### Exercise aim
Copy out the data below from the line containing "Reflex Wärmetauscher Longtherm" to the line containing "Chicago would see", both lines included, with all images left out.

### Dataset content
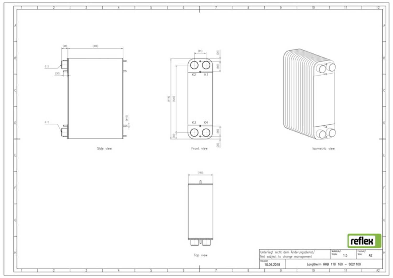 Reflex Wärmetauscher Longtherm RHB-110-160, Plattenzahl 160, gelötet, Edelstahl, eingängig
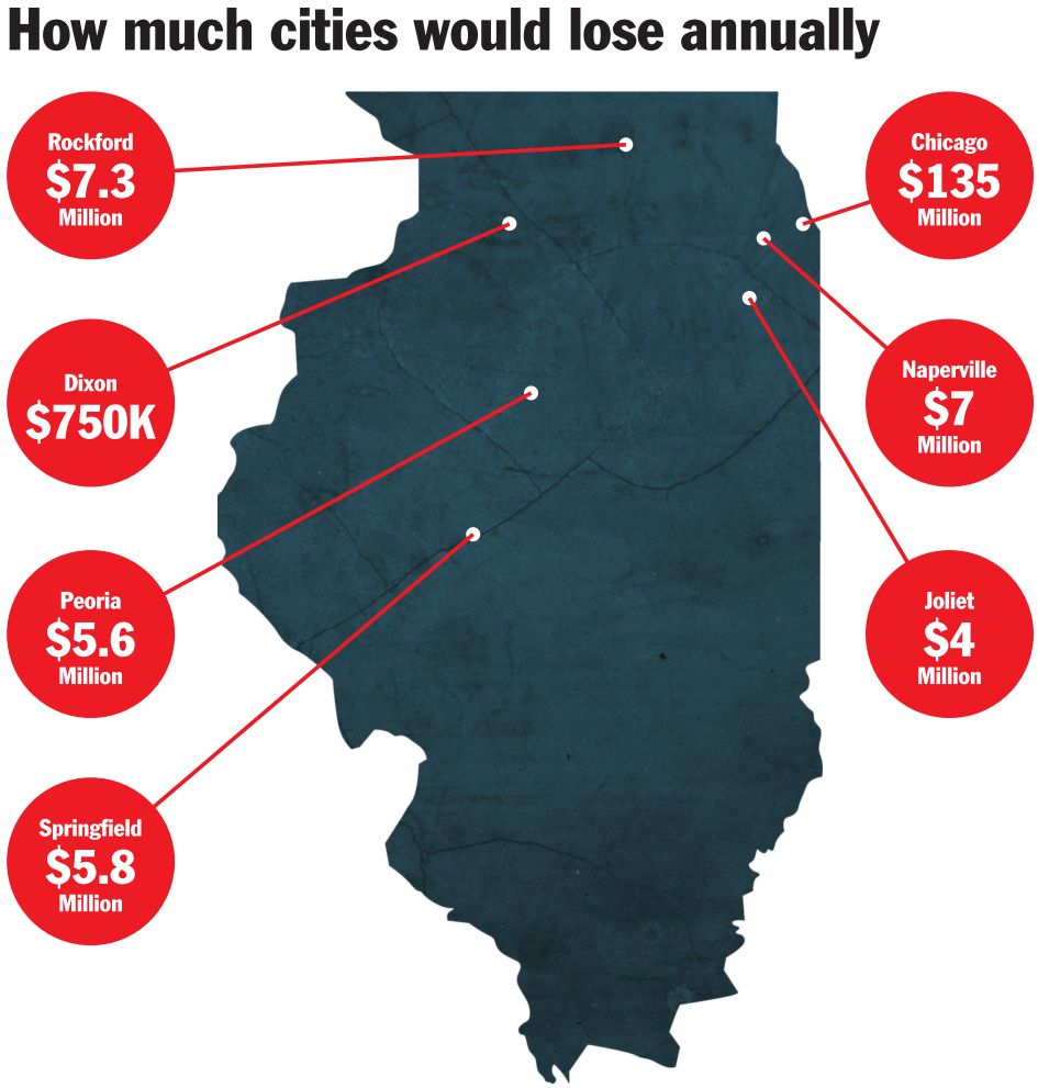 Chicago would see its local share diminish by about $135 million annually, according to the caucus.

--

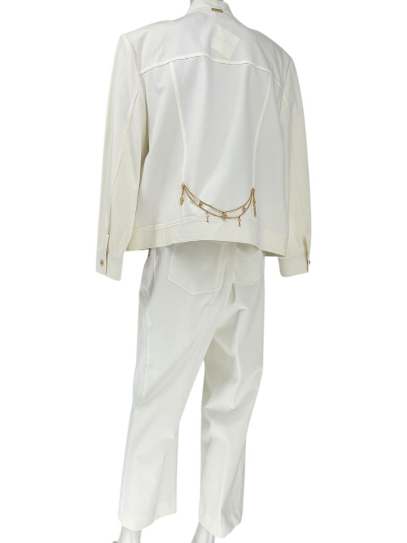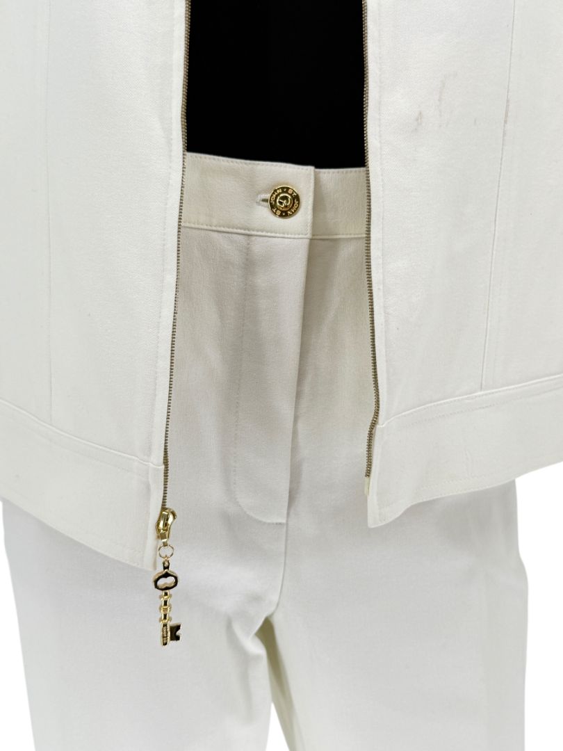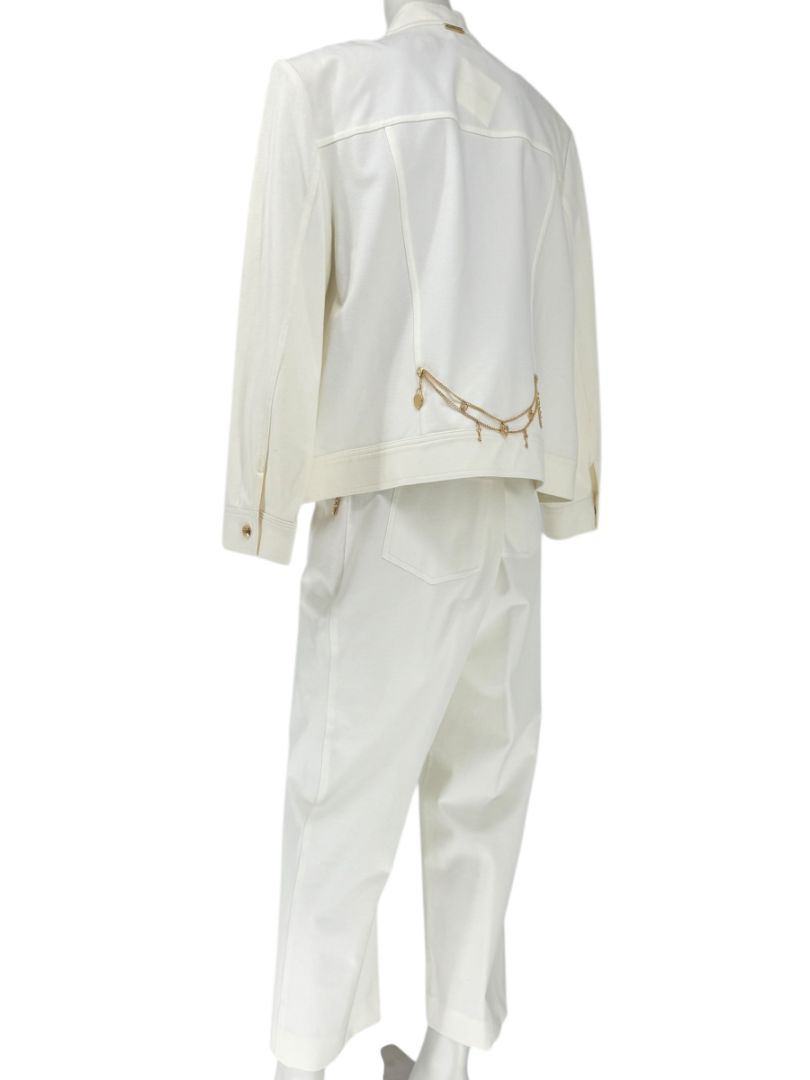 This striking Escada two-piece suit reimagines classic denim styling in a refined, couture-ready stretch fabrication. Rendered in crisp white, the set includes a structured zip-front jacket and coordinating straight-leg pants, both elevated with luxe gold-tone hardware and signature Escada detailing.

--

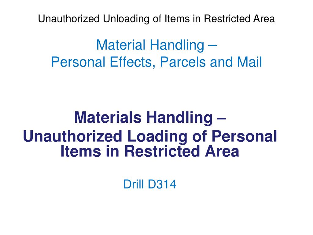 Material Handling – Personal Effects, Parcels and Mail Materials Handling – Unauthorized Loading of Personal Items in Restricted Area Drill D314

### Answer box
 Reflex Wärmetauscher Longtherm RHB-110-160, Plattenzahl 160, gelötet, Edelstahl, eingängig
 Chicago would see its local share diminish by about $135 million annually, according to the caucus.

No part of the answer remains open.